I was recently a panelist at a Senate workshop on regulatory capture sponsored by the Administrative Conference of the United States (ACUS). In an earlier post about this event, I wrote about the potential of enhanced transparency to reduce regulatory capture, which I discussed at the workshop. Conservative commentators at the workshop argued that agencies are captured by public interest groups as well as by regulated entities. They contended that Congress should thus pass the REINs Act to reduce capture from both types of regulatory stakeholders. Of course, their fears of public interest capture are greatly overblown, as the potential for these groups to capture agencies is far more hypothetical than real. But the real problem is that the REINS Act, if it became law, would increase regulatory capture, not decrease it.
My earlier post explained that the imposition of budget cuts by Congress on regulatory agencies, which make little difference to the size of the federal budget, but which have crippled agencies, is a form of regulatory capture since agency dysfunction benefits regulated entities, not the public. Agencies also become captured because regulated entities, their trade associations, and the friends in conservative think tanks dominate the rulemaking process, filing many more comments than public interest groups, and meeting with agencies many more times.
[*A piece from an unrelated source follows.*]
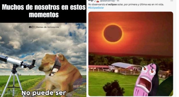 Pero como era de esperarse, el humor mexicano no puede faltar en cualquier evento que suceda en el mundo y por ello, recopilamos para ti los mejores memes del eclipse solar 2023 para que en lo que esperas, puedas soltar una que otra carcajada, solo recuerda que si observarás el eclipse solar, deberás hacerlo con una lentes especiales para ver eclipse solar que cumplan con certificación de seguridad ISO 12312-2, si no cuentas con ellos, entonces ve la transmisión en la página de la NASA dando clic aquí.

Whether it is lobbying Congress concerning agency budgets or making arguments and presentations at agencies, regulated entities and their allies are able to deploy significantly more resources than public interest groups. Regulatory capture can occur in other ways as well, but the common denominator among these various possibilities is that it takes resources to pull them off. The simple and undeniable fact is regulated entities have far more resources than the public interest groups, making it far more likely that they will be in a position to capture an agency.
At the workshop, the conservative commentators argued that the potential for capture is created when Congress passes regulatory legislation that authorizes an agency to establish the details of a regulatory program. That much is true, but their proposed solution — the REINs Act — isn’t about capture; it’s about gumming up the regulatory process. The law would prevent any new “major” regulation from taking effect unless Congress affirmatively approved the regulation by means of a joint congressional resolution of approval signed by the President. Conservatives support the REINS Act on the grounds that elected officials should be the final arbiter of all significant regulatory decisions, but this proposal is no solution to regulatory capture.
In my earlier blog post, I noted that “unlike agencies, Congress does not have to have good policy reasons for refusing to approve a regulation. Instead, the approval process is likely to be nakedly political, reflecting the raw political power of special interests and the large campaign donations that they give.” Instead of reducing the potential for capture, the REINs Act, if it became law, would create a whole new way for regulated entities to capture the regulatory process.
If lawmakers are genuinely interested in reducing regulatory capture, instead of stopping regulatory agencies in their tracks, they should consider the transparency ideas I proposed in my earlier blog. Moreover, they should oppose the REINs Act as cure that is worse than the disease.